We all departed in a massive convoy of various vehicles from the VSO office on Sunday down to Mariental where we found we were staying in two rather nice guesthouses a stonesthrow from each other. The main one had beer at N$8 (about 60p) a bottle which is the same price as I pay in my favoured shebeen in Opuwo.

Luckily the bars shut at ten every night to save me from myself.

The training itself consisted of a number of sessions covering various aspects of Namibia such as:

  • History and Politics – delivered by the head of the Evangelical Church in Namibia (a Bishop). Turns out it’s all the UKs fault (and judging by eye-line specifically mine, no wonder my breakfast always arrived late for the rest of the week).
  • Dangerous Creepy and Slithery Things – ok that’s not what it was called but a volunteer dropped in to deliver a truly fantastic presentation on the dangerous snakes, spiders and beetles there are in Namibia. It was very well received but I’m sure I’ve already met one of the spiders. This probably could have done with being in ICT1!
  • Mainstreaming Disability
  • Land Use – predominantly white-owned massive farms which remains unchanged since independence but may start to be reformed in the not too distant future
  • HIV/AIDS in Namibia – this included the standard VSO condom demo on a very realistic prop.
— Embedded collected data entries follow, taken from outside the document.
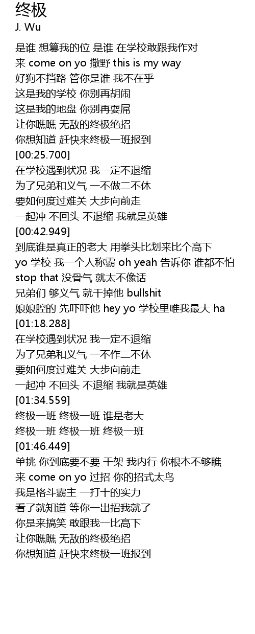 | [01:42.499] | 终极一班 终极一班 终极一班 |
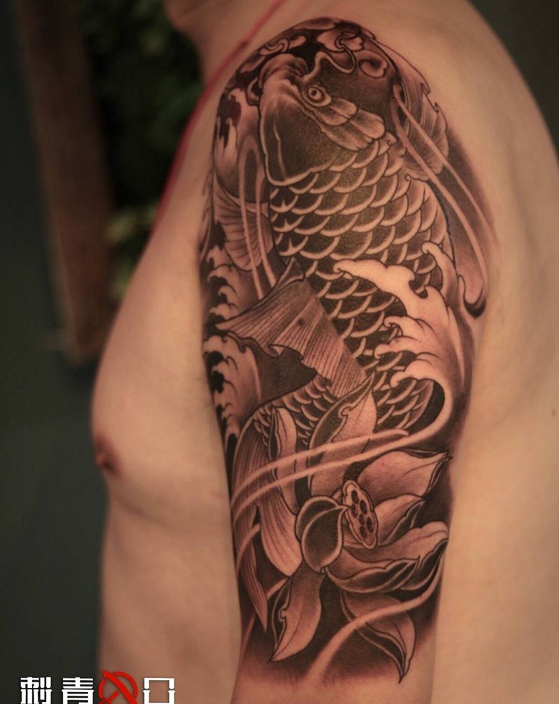 大臂黑灰鲤鱼纹身图片_手臂新传统鱼纹身图案
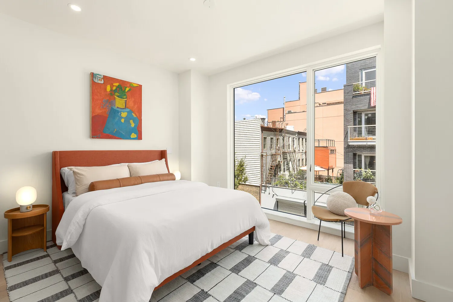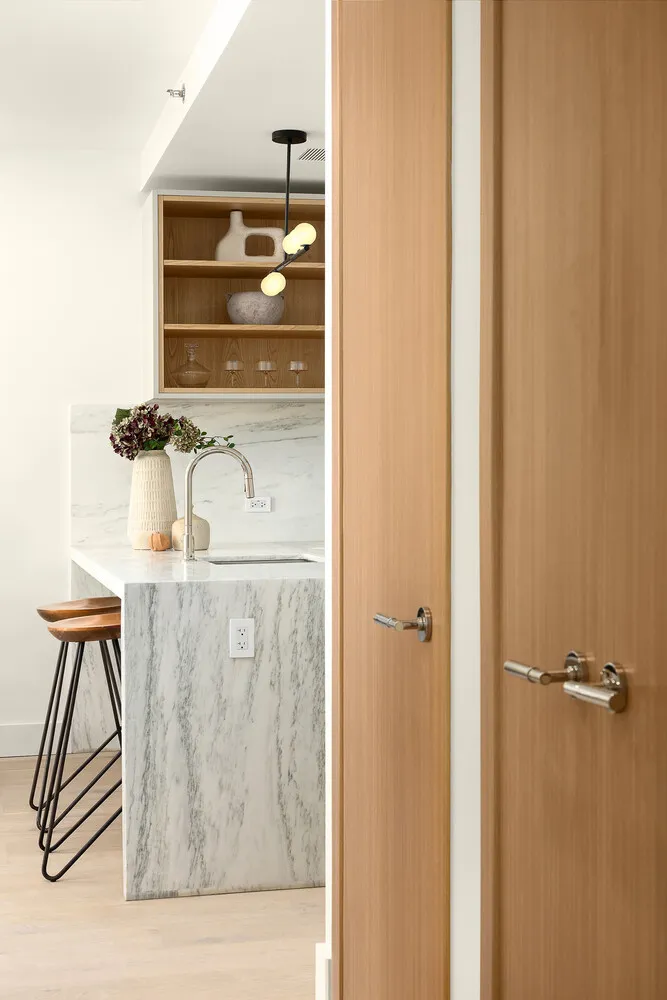 Flooded with sunlight through oversized windows, each residence boasts 7-inch-wide plank white oak flooring, solid core doors, and luxurious polished nickel hardware throughout. Chef's kitchens are finished with custom cabinetry in soft neutral tones, elegant marble countertops and backsplashes, designer lighting, and best-in-class Bosch appliances, including induction cooktops.

During a debate within the audience (is it ok to re-use the femidom if I remember correctly [urgh]) the facilitator absentmindedly was playing with an item on the desk in front. What was funnier than watching her playing with the massive phallus was the look on her face when she realised.
  • More stuff I have forgotten (though I have the notes somewhere)
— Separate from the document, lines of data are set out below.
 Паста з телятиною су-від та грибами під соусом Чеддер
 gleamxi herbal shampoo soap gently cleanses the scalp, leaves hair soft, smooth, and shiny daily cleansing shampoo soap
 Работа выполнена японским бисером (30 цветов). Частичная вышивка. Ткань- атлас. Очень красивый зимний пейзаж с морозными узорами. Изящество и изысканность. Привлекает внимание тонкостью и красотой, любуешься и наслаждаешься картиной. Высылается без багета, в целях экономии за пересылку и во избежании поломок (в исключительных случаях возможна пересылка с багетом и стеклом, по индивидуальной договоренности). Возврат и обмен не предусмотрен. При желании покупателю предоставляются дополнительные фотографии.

We also had a “Development Exercise” splitting into groups and investigating a topic, ours was “business and the economy”. We got to spend a few afternoons traipsing round interviewing random people and doorstopping prominent and very busy people until they let us into their offices and answered our questions.
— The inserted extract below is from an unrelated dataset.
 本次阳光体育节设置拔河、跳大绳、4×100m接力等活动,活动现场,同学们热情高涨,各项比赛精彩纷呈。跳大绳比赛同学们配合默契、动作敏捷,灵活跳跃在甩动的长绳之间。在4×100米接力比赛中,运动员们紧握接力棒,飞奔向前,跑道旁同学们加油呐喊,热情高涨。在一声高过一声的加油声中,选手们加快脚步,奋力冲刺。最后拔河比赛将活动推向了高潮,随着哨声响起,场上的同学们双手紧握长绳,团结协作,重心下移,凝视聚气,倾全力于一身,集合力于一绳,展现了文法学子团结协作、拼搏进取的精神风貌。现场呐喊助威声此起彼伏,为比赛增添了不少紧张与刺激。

On the Friday we presented our reports back to the main group using a variety of facilitation techniques (techniques which I note none of us have dared use “in the wild” and will only ever use in a same VSO environment with people who have been through the same “don’t laugh” training).

Role play, participative exercises and (for our group) a song with rap chorus were used as techniques. A good time was had by all.

We had a long and quite serious discussion involving the country director about the level to which we were “sharing skills and changing lives” which had some interesting outcomes though I shall ponder these and put them into a different post (if at all).

On the last night we camped out at the Hardap Dam which is a massive lake and irrigation scheme feeding farms with water for many miles around. The place was eerily empty probably not helped by the crack in the dam making driving into the game park impossible (and apparently it’s too far to walk).

This leaves the game happily trapped on the other side than the humans hence we saw a few ostriches and kudu but none of the fabled rhino.

The restaurant is a bond-villan-esque or nazi-hideout affair propped above the lake with bizarre windows offering a stunning view in the day but turning into mirrors (and making it even bigger and emptier) at night.

A good time was had by all until some fool (not me!) insisted we make our own entertainments by doing displays of national culture and playing games like musical chairs (I kid you not). Actually, though I hate to admit it, it was quite fun.

Back to the campsite and made a fire (not Ray Mears so we used petrol, lighters and lots of paper).

On Saturday we came back to Windhoek (most of us, a few ventured off further south on other epic travels) and went to a party on Saturday night. It was a proper ex-pat affair and I ended up getting a lift back from the club I ended up in at 2.30 from a very nice police officer (and I wasn’t even under arrest) as we couldn’t find a taxi.

Finally arrived back in Opuwo at 10.30 on Monday night to find no water, the cockroaches in my room have been breading and growing and I didn’t have any food in at all. Pretty much back to normal then.